● THE DATA
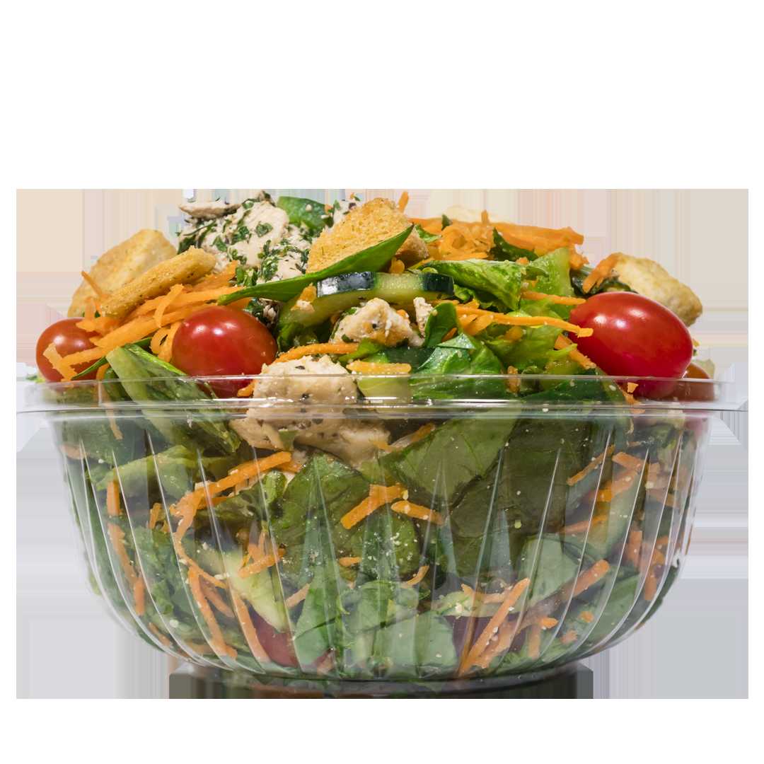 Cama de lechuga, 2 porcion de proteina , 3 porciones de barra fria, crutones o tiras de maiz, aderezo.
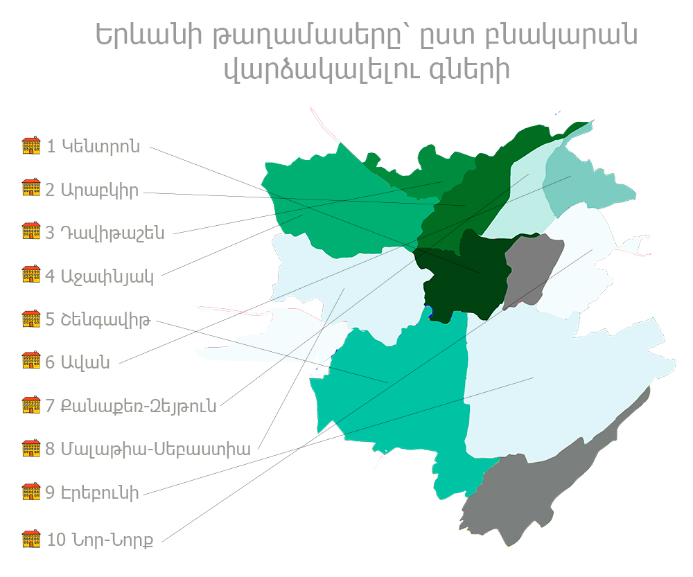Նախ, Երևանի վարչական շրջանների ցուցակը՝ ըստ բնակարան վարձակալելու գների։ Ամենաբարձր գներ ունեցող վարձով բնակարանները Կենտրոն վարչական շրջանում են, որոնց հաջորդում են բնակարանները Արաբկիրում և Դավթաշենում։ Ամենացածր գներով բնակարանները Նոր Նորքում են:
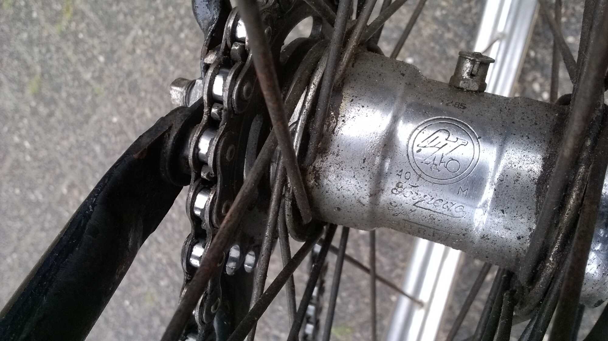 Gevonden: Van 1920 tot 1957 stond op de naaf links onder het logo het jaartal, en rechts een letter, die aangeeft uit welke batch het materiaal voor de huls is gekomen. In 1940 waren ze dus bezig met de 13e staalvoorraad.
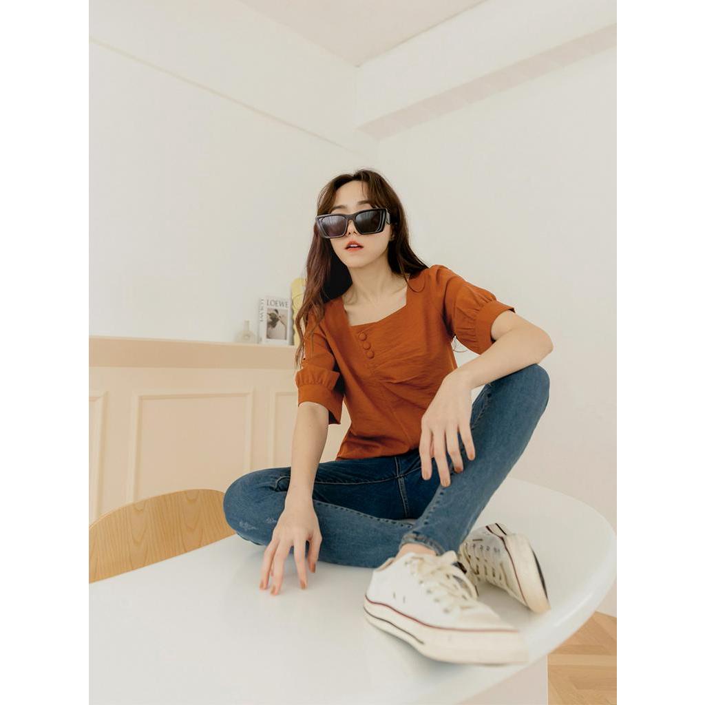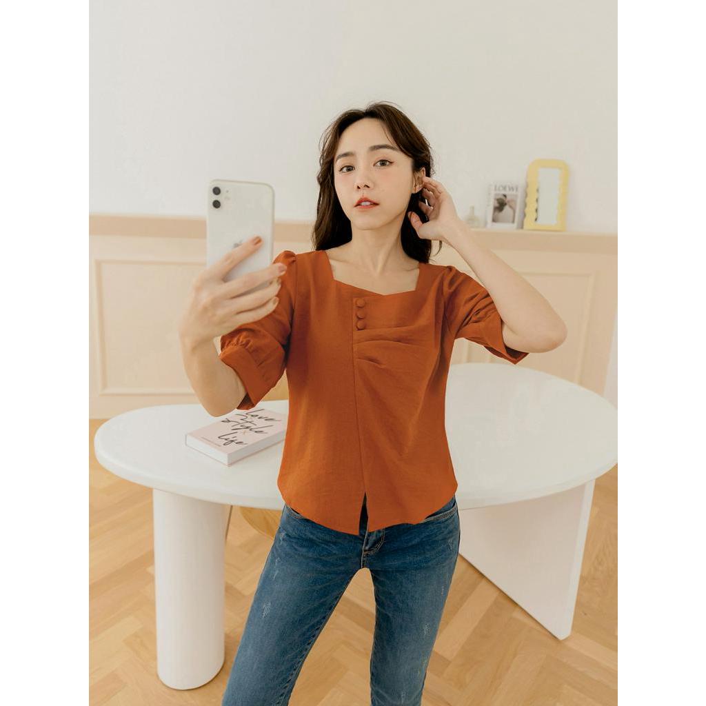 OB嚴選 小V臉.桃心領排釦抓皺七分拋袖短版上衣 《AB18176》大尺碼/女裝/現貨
---
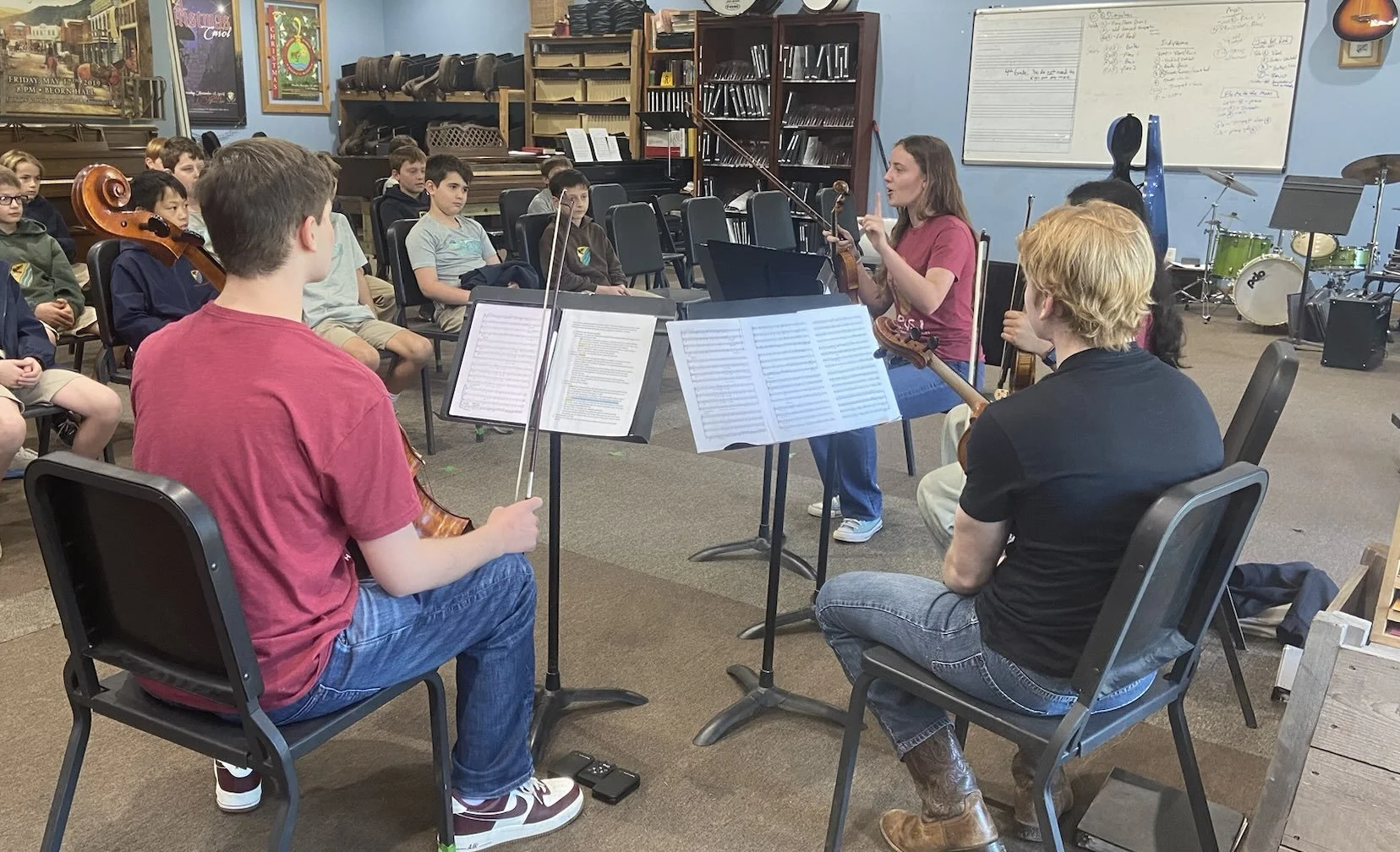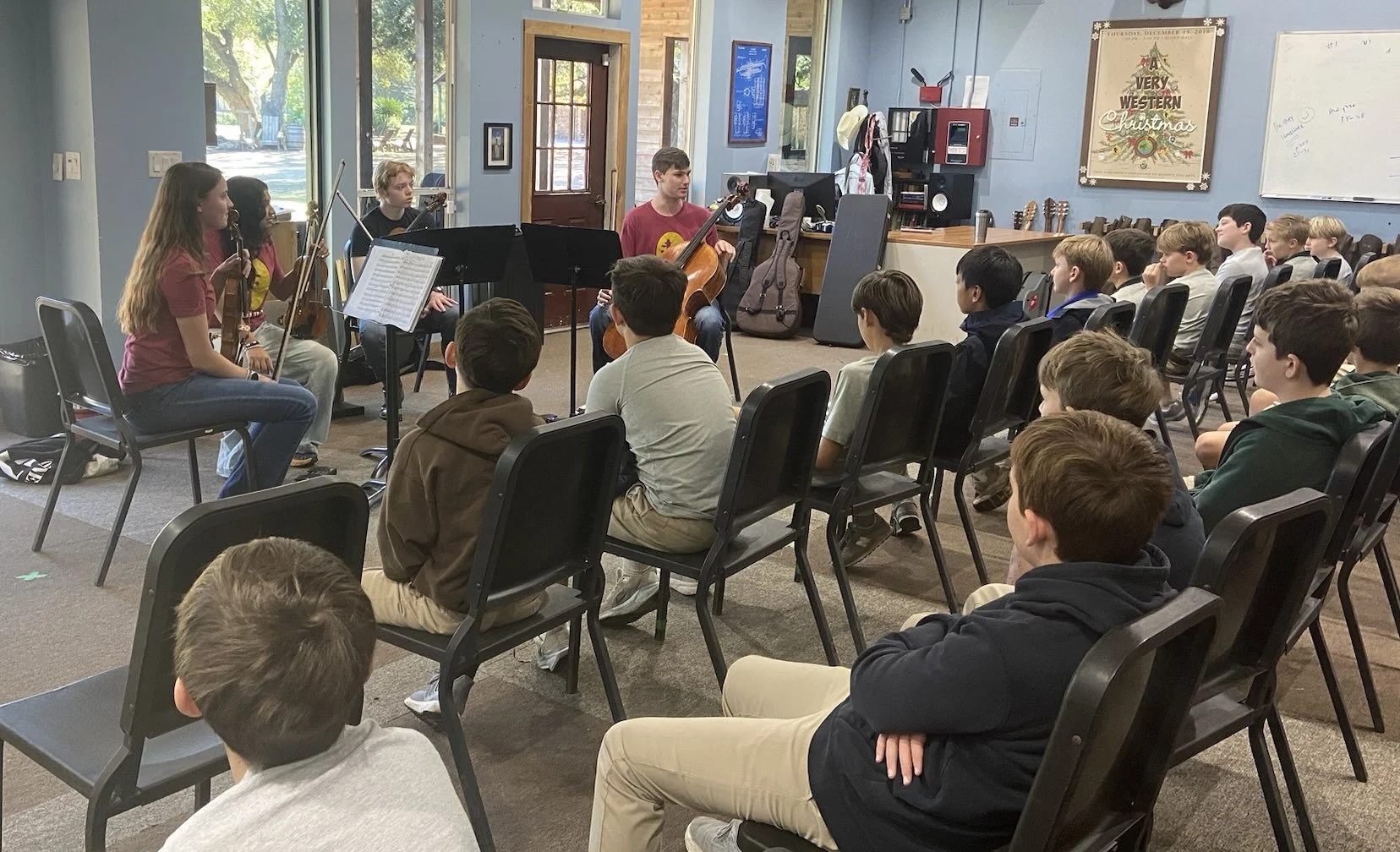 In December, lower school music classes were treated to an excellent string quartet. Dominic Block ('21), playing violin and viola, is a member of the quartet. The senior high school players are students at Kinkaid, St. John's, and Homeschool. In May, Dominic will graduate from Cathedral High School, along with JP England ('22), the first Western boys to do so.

● ASSIGNMENT
Give the lines above again exactly, from the one containing "Cama de lechuga, 2" to the one containing "OB嚴選 小V臉.桃心領排釦抓皺七分拋袖短版上衣 《AB18176》大尺碼/女裝/現貨", both included, but leave out the pictures.

● PROBLEM SOLUTION
 Cama de lechuga, 2 porcion de proteina , 3 porciones de barra fria, crutones o tiras de maiz, aderezo.
Նախ, Երևանի վարչական շրջանների ցուցակը՝ ըստ բնակարան վարձակալելու գների։ Ամենաբարձր գներ ունեցող վարձով բնակարանները Կենտրոն վարչական շրջանում են, որոնց հաջորդում են բնակարանները Արաբկիրում և Դավթաշենում։ Ամենացածր գներով բնակարանները Նոր Նորքում են:
 Gevonden: Van 1920 tot 1957 stond op de naaf links onder het logo het jaartal, en rechts een letter, die aangeeft uit welke batch het materiaal voor de huls is gekomen. In 1940 waren ze dus bezig met de 13e staalvoorraad.
 OB嚴選 小V臉.桃心領排釦抓皺七分拋袖短版上衣 《AB18176》大尺碼/女裝/現貨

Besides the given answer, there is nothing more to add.